* **Items from a data source**
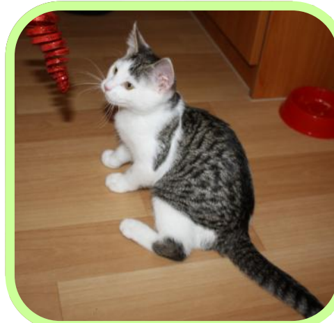
Lorchen ist in der Wohngruppe „Fliederweg“ zuhause.

Es wurde auch erforscht, wie sich die Haltung von Katzen auf Menschen mit Demenz in einem geschlossenen Wohnbereich auswirkt. Nach vier Monaten zeigte sich, dass die Bewohner des geschlossenen Bereichs, die Katzen um sich hatten, im Vergleich zur Kontrollgruppe aufgeweckter waren. Die Tiere sorgten für Ablenkung, die Bewohner sahen ihnen zu und redeten über sie. Die Pflegebedürftigkeit nahm bei diesen Bewohnern – im Gegensatz zu den Senioren des Kontrollbereichs – nicht zu. Im „Katzenbereich“ fiel zudem auf, dass die Bewohner mehr Lebensfreude zeigten (lachen, lächeln). Die Atmosphäre wurde gemütlicher, und auch Besucher und Pflegenden fühlten sich wohler.
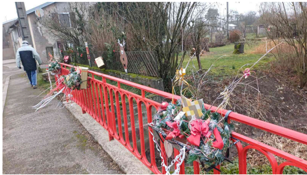
Boite à lettres personnalisée
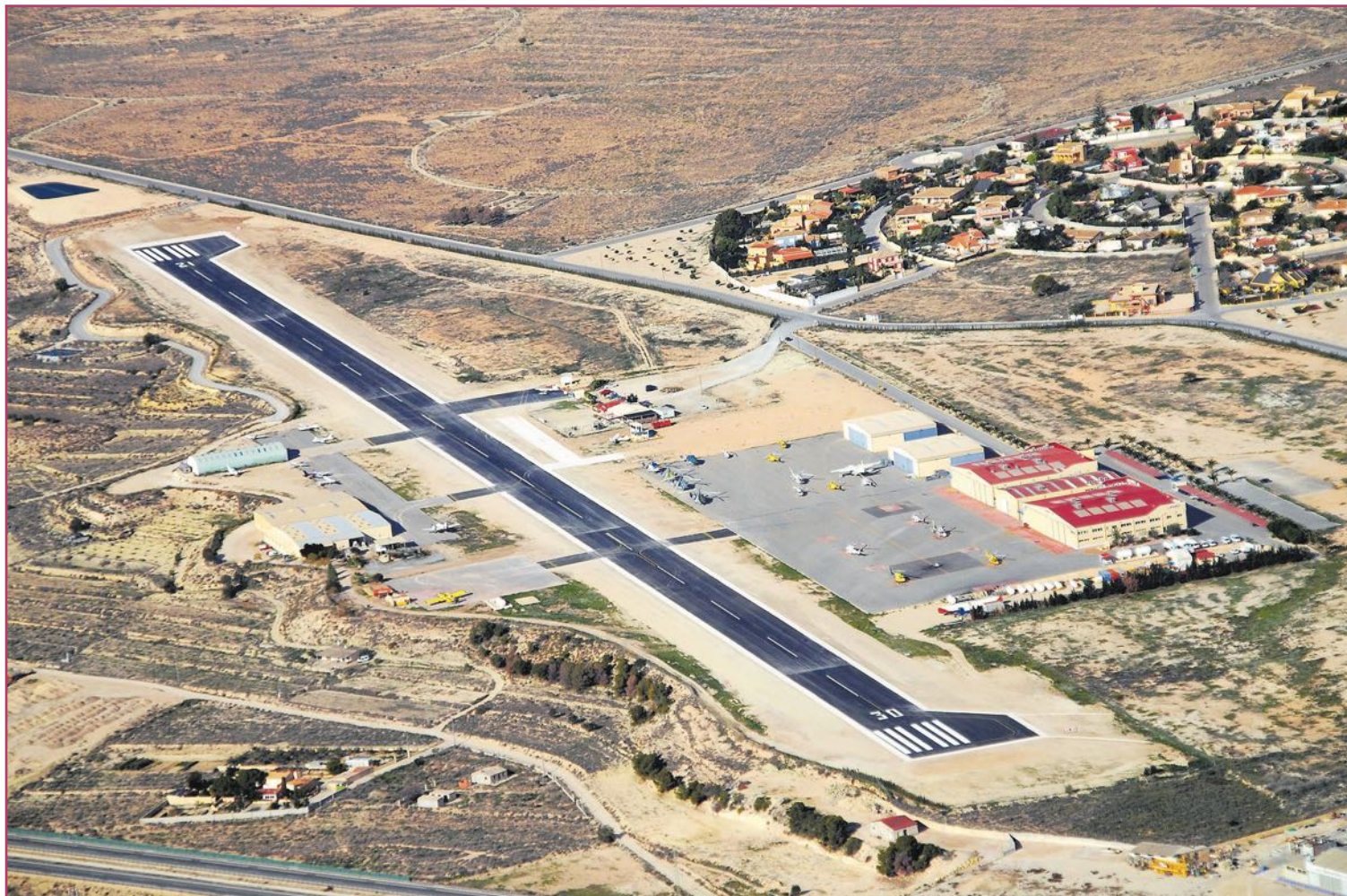
Un aeródromo siempre supone una inversión, más si se trata de instalaciones como las de Mutxamel | Aeródromo de Mutxamel

Ahora bien, ¿bajo qué criterios distinguimos aeródromo de aeropuerto? Para la Real Academia Española de la Lengua (RAE), un aeropuerto es un “área destinada al aterrizaje y despegue de aviones dotada de instalaciones para el control del tráfico aéreo y de servicios a los pasajeros”. ¿Y un aeródromo? “Terreno llano provisto de pistas y demás insta-
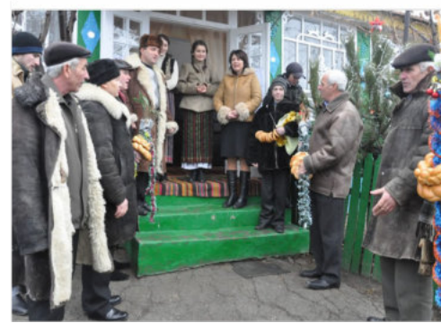
Gesangsgruppe bei einem „Ständchen“

Gruppen zusammen und zogen durchs Dorf und haben am Abend Freunde, Bekannte oder Verwandte mit ihren Weihnachtsliedern erfreut. Zum Abschluss haben sie in einer Familie zuhause unter sich weitergefeiert.
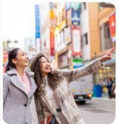
ช้อปปิ้งใจกลางกรุงโตเกียว
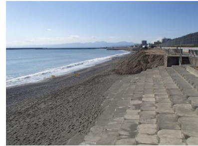
養浜(茅ヶ崎市中海岸)
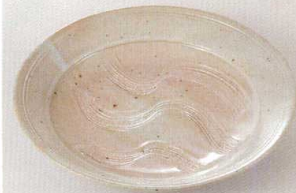
38K215-08 前菜皿 2,100円 (20.5x3.6cm) 土物 109473
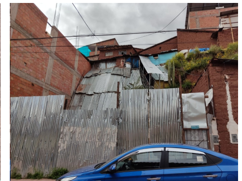
Taludes protegidos con calaminas para evitar el impacto de las lluvias
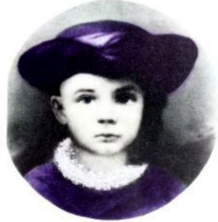
हेन्री फोर्ड लहान मुलाच्या रुपात.
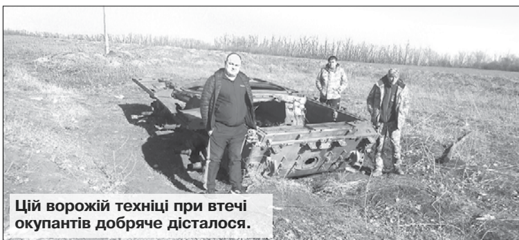
Цій ворожій техніці при втечі окупантів добряче дісталося.

Василь МАРЧЕНКО, фото автора. Слобожанщина
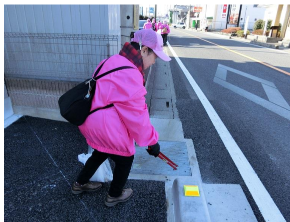
でもほんの数メートルで終わり
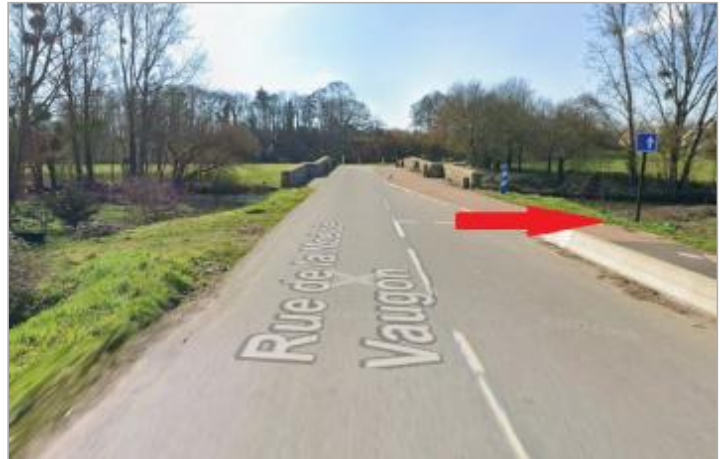
Rive droite et aval du pont de Vaugon, sur le coté de la piste cyclable

Coordonnées WGS84 : X: -1.59911734 / Y: 48.02794990
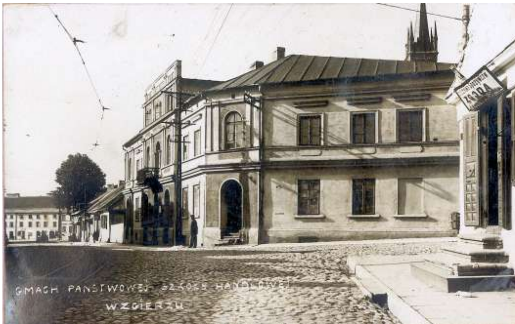
zdjęcie 3 - pierwszy budynek szkoły przy ulicy łęczyckiej 5 (od 1919 do 1945 roku)
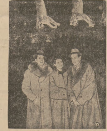
Min. Ciano, hr. Edda Ciano i m. Beck podczas oglądania w Warszawie. W górze widoczny król. Kół widać upiorną łaz.
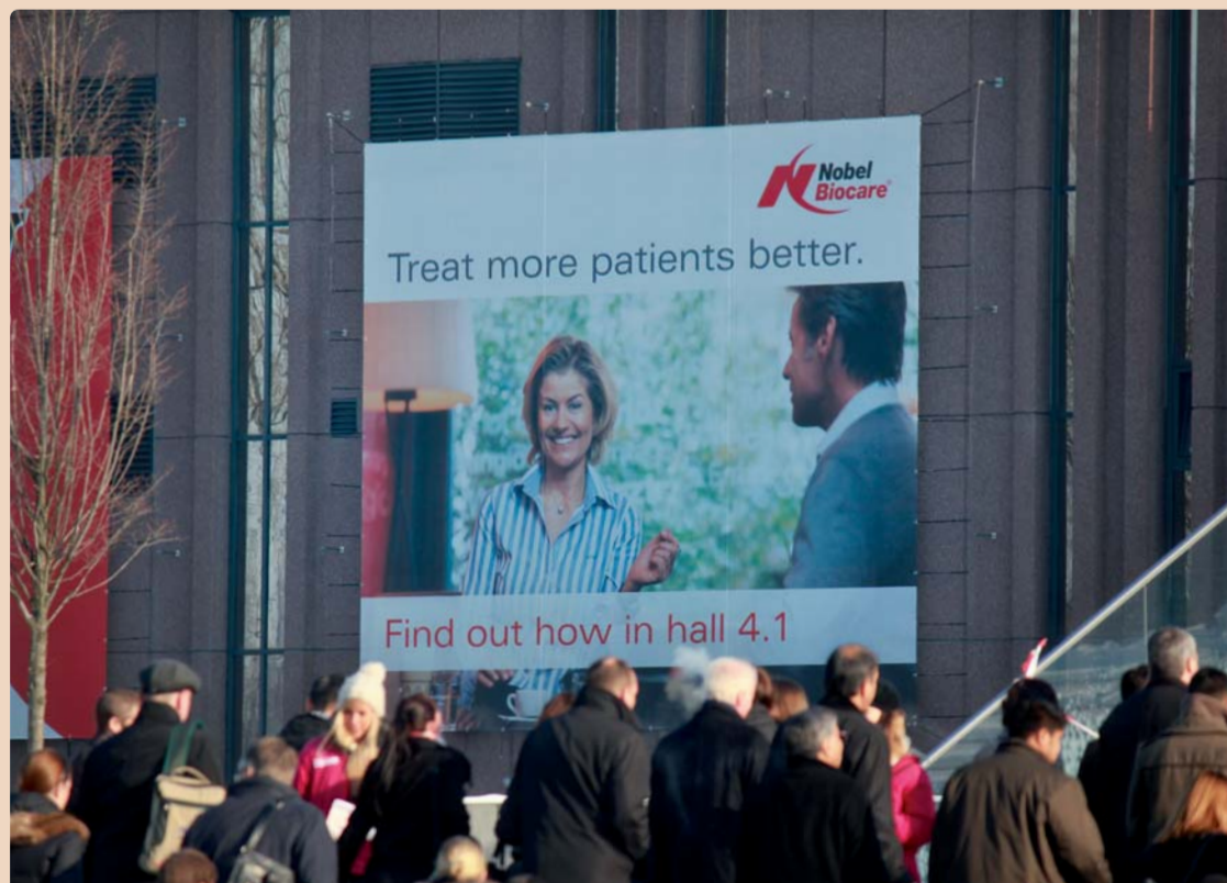
„Wir verfolgen einen gesamtheitlichen Ansatz und möchten den Behandlungsprozess für Arzt und Patient effizienter und angenehmer gestalten.“

Unter der Überschrift „Designing for Life“ hat Nobel Biocare bereits
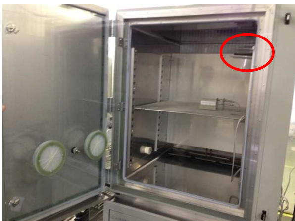
図1 恒温槽(温度試験槽)の例 (右上の丸囲み部分が温度計)
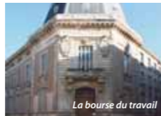
La bourse du travail
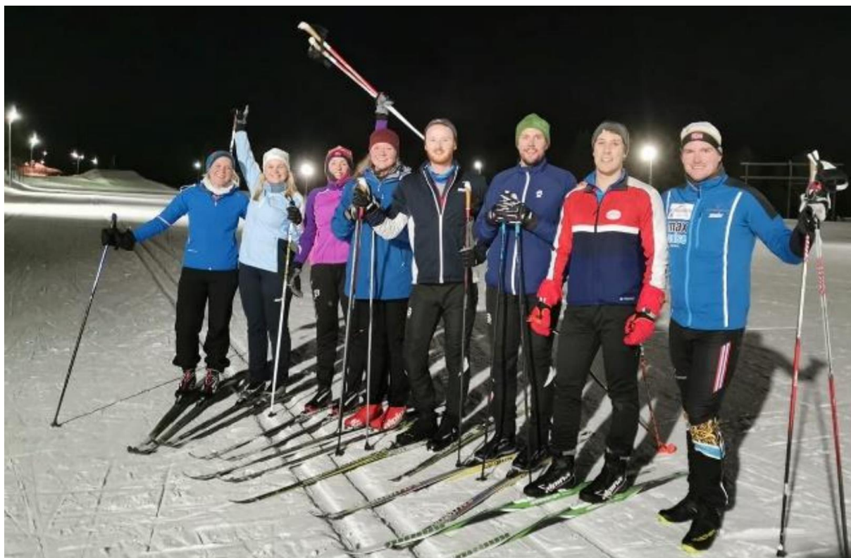
Fra skiteknikk-kurset med Tekna Ung, 4. februar.

Pga pandemien er det mange arrangementer som ikke har kunnet gjennomføres i 2020. Besøket til Newtonrommet som vi fikk samfunnsmidler til, måtte avlyses da Ringsaker kommune ble «rød». Pandemien satte også en stopper for den månedlige quizzen på Heim, som tidligere har gjort det mulig å avgjøre hvilken avdeling som har de beste quizmasterne (Lillehammer hadde en klar ledelse så vidt vi husker).
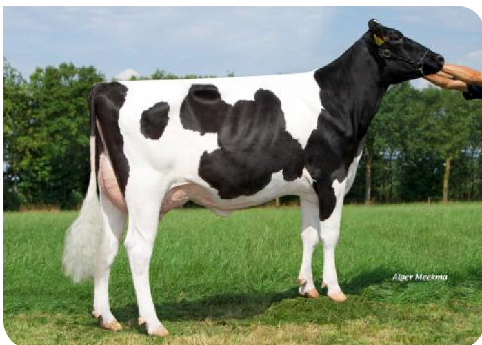
Grashoek Vrije Tulp 30 (p. Profile)

Prop.: Melkveebedrijf Grashoek b.v., Grashoek (NL)
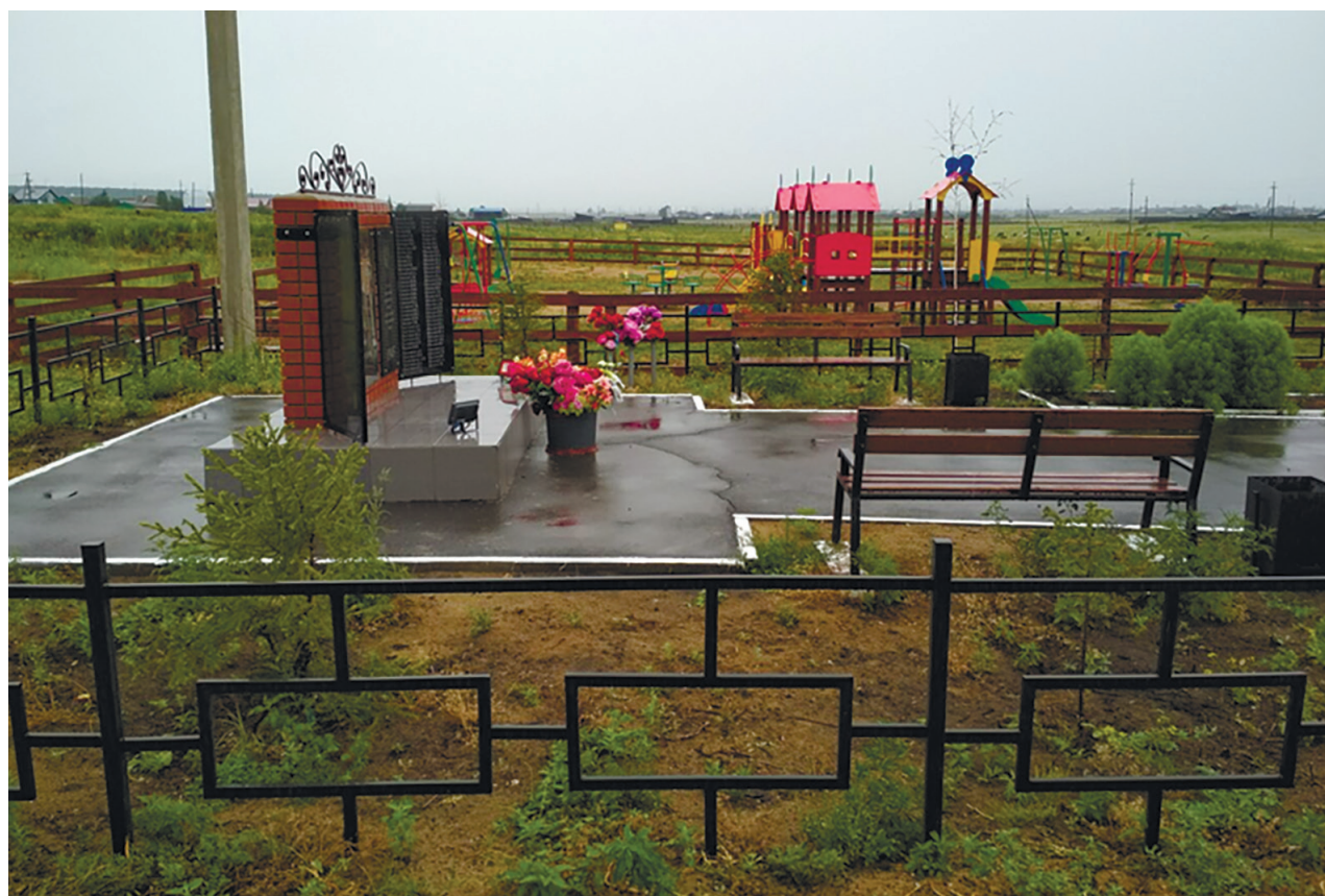
Аллея Славы в честь воинов, погибших в годы Великой Отечественной войны, д. Галки, ул. Первомайская

* **To do**
Print again, word for word, every line from the line with "Grashoek Vrije Tulp 30 (p. Profile)" to the final line of the records, inclusive; skip the pictures.

* **Solution**
Grashoek Vrije Tulp 30 (p. Profile)

Prop.: Melkveebedrijf Grashoek b.v., Grashoek (NL)
Аллея Славы в честь воинов, погибших в годы Великой Отечественной войны, д. Галки, ул. Первомайская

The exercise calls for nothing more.